Par suite de défaut de paiement des mensualités, la banque a adressé à Monsieur [D] [I] le 09 juin 2023 une mise en demeure l'invitant à régulariser les échéances impayées sous peine de voir prononcer la déchéance du terme.
La mise en demeure étant restée vaine, la banque a prononcé la déchéance du terme par courrier du 28 juillet 2023 adressé par LRAR à Monsieur [D] [I].
Par suite, Crédit Moderne Océan Indien a, par acte de commissaire de Justice en date du 26 février 2024, fait assigner Monsieur [D] [I] devant le juge des contentieux de la protection du Tribunal Judiciaire de Saint-Denis aux fins de le voir condamné, sous le bénéfice de l’exécution provisoire, à lui payer :
- 30613,41 euros avec intérêts au taux conventionnel de 5,07% à compter du 28 juillet 2023, et la capitalisation des intérêts à compter de l'assignation,
- 500 euros sur le fondement de l’article 700 du Code de procédure civile, outre les dépens.

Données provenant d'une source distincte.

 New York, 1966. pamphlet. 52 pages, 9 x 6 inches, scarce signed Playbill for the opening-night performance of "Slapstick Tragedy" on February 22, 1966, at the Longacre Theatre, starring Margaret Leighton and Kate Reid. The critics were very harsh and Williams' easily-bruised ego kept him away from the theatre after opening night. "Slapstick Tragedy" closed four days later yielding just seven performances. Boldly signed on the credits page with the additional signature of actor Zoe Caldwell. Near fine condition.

Subsidiairement, Crédit Moderne Océan Indien sollicite de prononcer la résolution judiciaire du contrat de crédit et de condamner la débitrice au paiement des mêmes sommes.
En tout état de cause, elle sollicite le rejet de toutes demande de délais.

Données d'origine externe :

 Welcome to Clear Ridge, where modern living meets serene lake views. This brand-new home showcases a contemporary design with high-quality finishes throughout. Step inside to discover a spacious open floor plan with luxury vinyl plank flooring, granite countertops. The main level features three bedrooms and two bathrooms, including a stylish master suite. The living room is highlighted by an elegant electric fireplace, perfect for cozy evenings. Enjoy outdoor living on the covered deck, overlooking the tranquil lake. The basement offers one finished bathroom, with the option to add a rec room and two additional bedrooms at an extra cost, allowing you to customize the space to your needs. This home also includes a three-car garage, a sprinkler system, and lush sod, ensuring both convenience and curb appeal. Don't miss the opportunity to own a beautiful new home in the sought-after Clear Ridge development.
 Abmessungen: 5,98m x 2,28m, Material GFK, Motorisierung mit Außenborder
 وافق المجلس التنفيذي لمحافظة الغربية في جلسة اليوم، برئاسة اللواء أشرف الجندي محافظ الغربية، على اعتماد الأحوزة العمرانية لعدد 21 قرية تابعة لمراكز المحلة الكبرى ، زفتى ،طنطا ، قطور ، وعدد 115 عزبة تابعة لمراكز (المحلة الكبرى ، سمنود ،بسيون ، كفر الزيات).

L'affaire a été appelée à l'audience du 22 avril 2024 lors de laquelle Crédit Moderne Océan Indien a maintenu l'intégralité de sa demande en paiement. Le juge des contentieux de la protection a soulevé d'office la déchéance du droit aux intérêts en raison de :
- la mention incomplète du TAEG dans la FIPEN, à défaut d'exemple représentatif, conformément aux articles L312-12 et R312-5 du code de la consommation ;
- l'irrégularité formelle du contrat rédigé dans une police inférieure au corps 8 en point Didot,
- l'insuffisance de l'avertissement de l'emprunteur quant aux conséquences d'un défaut de paiement, notamment sur le sort de l'assurance,
- l'irrégularité de la mention du TAEG dans le contrat, à défaut de mentionner toutes les hypothèses utilisées pour le calcul de ce taux.
À l'audience, Crédit Moderne Océan Indien comparaissant par ministère d'avocat, a sollicité le bénéfice de son acte introductif d’instance se défendant de toute irrégularité et s'en rapportant à l'appréciation de la juridiction concernant les moyens de déchéance du droit aux intérêts soulevés.

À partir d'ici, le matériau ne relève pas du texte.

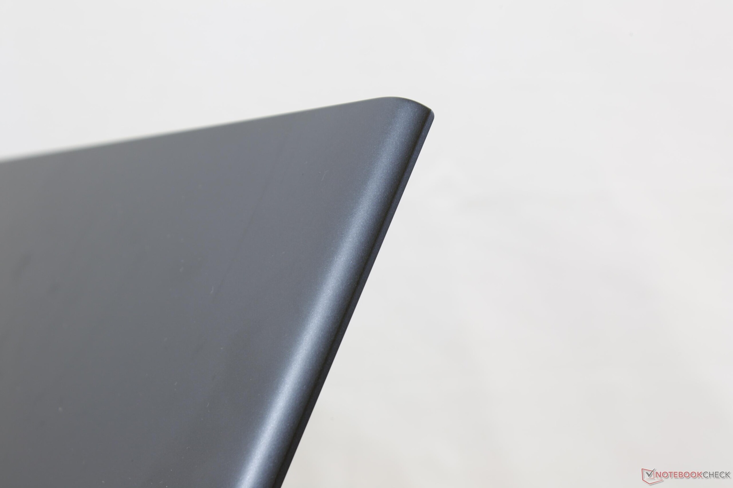 Einen Unterschied zu kostspieligeren Systemen wie dem XPS 15 und dem Alienware 15 erkennt man beim Bildschirmdeckel, denn die Stabilität fällt beim Testgerät nicht sehr gut aus. Schon beim Öffnen und Schließen des Deckels kommt es zu Knarzgeräuschen, man kann ihn auch leicht verwinden. Die Mitte lässt sich zudem leicht eindrücken, und der Bildschirmrahmen liegt unten nicht sauber am Display an, was man auch auf dem Foto rechts sieht. Bei zukünftigen Modellen sollte der Fokus definitiv auf dem Bildschirm liegen. Das einzelne Scharnier hält das Display bis zu seinem maximalen Öffnungswinkel von 140 Grad aber sicher am Platz, und beim Tippen wippt der Bildschirm auch nicht nach.
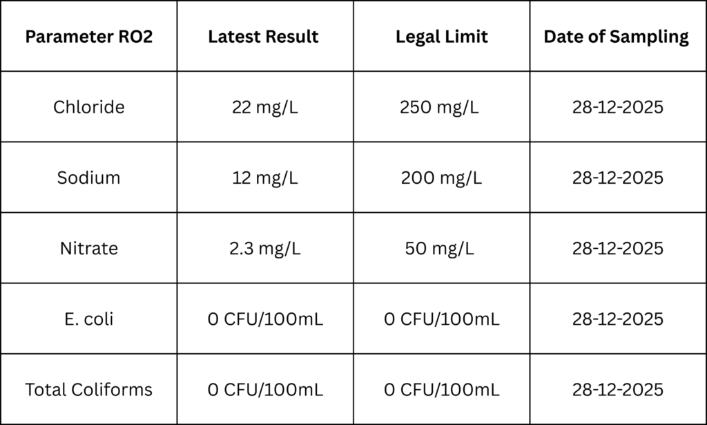 We regularly test the water for both microbiological and chemical parameters. These are some of the key indicators:
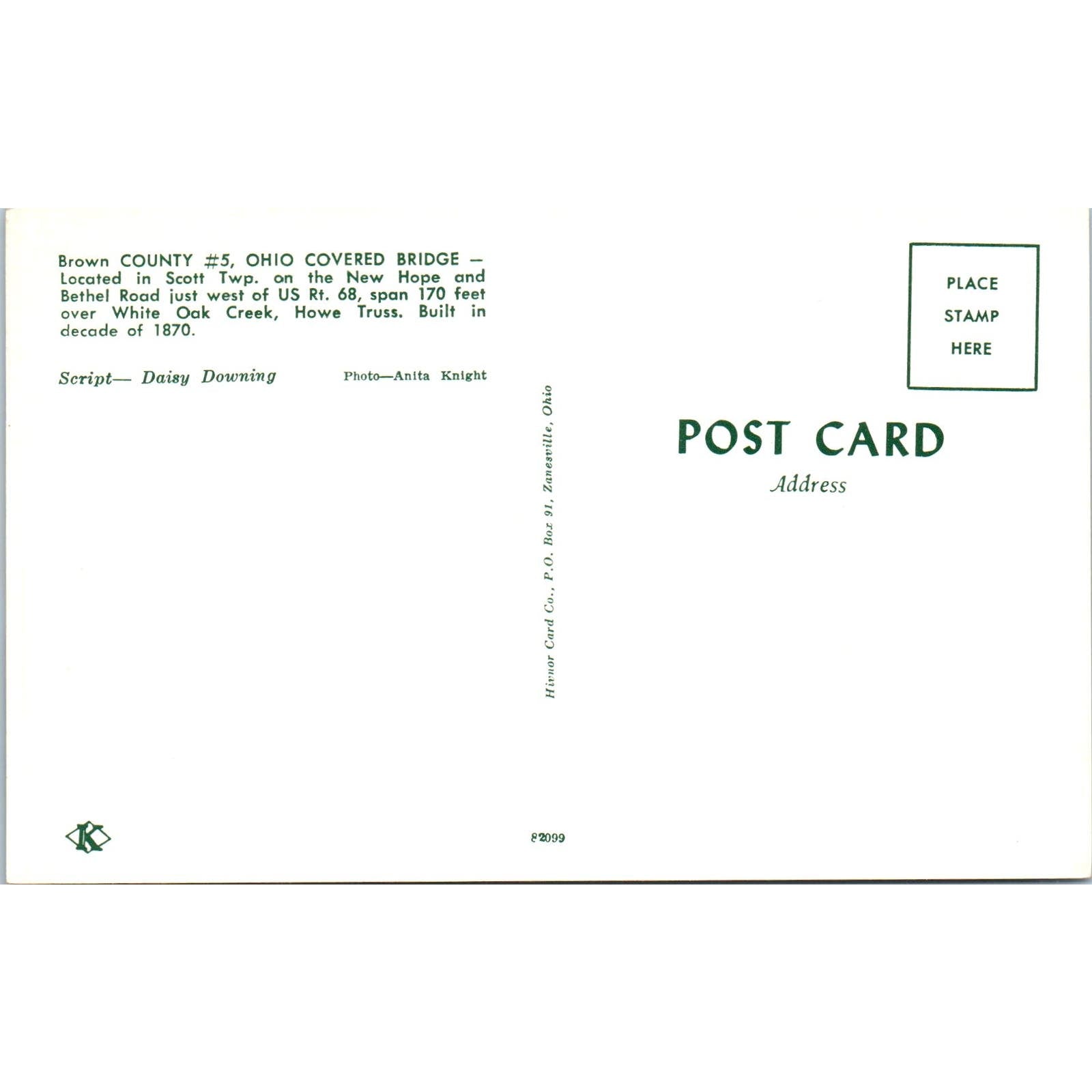 Brown County 5 Scott Twp White Oak Creek OH Vintage Covered Bridge Postcard PC13

Régulièrement citée à étude, Monsieur [D] [I] ne s'est ni présenté ni fait représenter.
L'affaire a été mise en délibéré à la date du 27 mai 2024, les parties comparantes en ayant été avisées à l'issue de l'audience en application de l'article 450 du code de procédure civile.
MOTIFS DE LA DÉCISION
Vu les articles 472 et 473 du Code de procédure civile et R 632-1 du Code de la consommation;
Lorsque le défendeur ne comparait pas, il est néanmoins statué sur le fond, et le juge ne fait droit à la demande que dans la mesure où il l'estime régulière, recevable, et bien fondée.
En vertu de l'article R632-1 du code de la consommation, le juge peut relever d'office, toutes les dispositions du dit code dans les litiges nés de son application.
En application de l'article 473 du code de procédure civile, le présent jugement sera réputé contradictoire, du seul fait qu'il est susceptible d'appel.
***
En vertu de l’article L312-39 du code de la consommation, en cas de défaillance de l’emprunteur, le prêteur a le droit de réclamer :
- le remboursement du capital restant dû avec intérêts au taux contractuel jusqu’à la date du règlement effectif,
- les intérêts échus mais non payés,
- une indemnité égale à 8 % du capital restant dû à la défaillance, cette indemnité constituant une clause pénale, soumise au pouvoir modérateur du juge.
Jusqu'à la date de paiement effectif, les sommes dues portent intérêts au taux contractuel, étant précisé qu'il se déduit de cette rédaction que les intérêts dus au taux du crédit en cas de défaillance de l’emprunteur se calculent sur le capital restant dû à la date de la défaillance, c’est à dire du premier incident non régularisé, et non sur les sommes réclamées par le prêteur au moment du prononcé de la déchéance du terme qui peut intervenir plusieurs mois après. Toute autre interprétation tendant à faire courir des intérêts sur des mensualités impayées qui contiennent en elles-mêmes une part d’intérêts au taux contractuel, et sur des intérêts échus reviendrait à ordonner la capitalisation sur des intérêts échus sur une période infra-annuelle, en contradiction avec la protection de droit commun édictée par l’article 1343-2 du code civil qui prévoit que les intérêts échus, dus au moins pour une année entière, produisent intérêt si le contrat le prévoit ou si une décision de justice le précise. Une telle interprétation entrerait en parfaite contradiction avec l’ordre public de protection du consommateur qui entoure le droit du crédit à la consommation.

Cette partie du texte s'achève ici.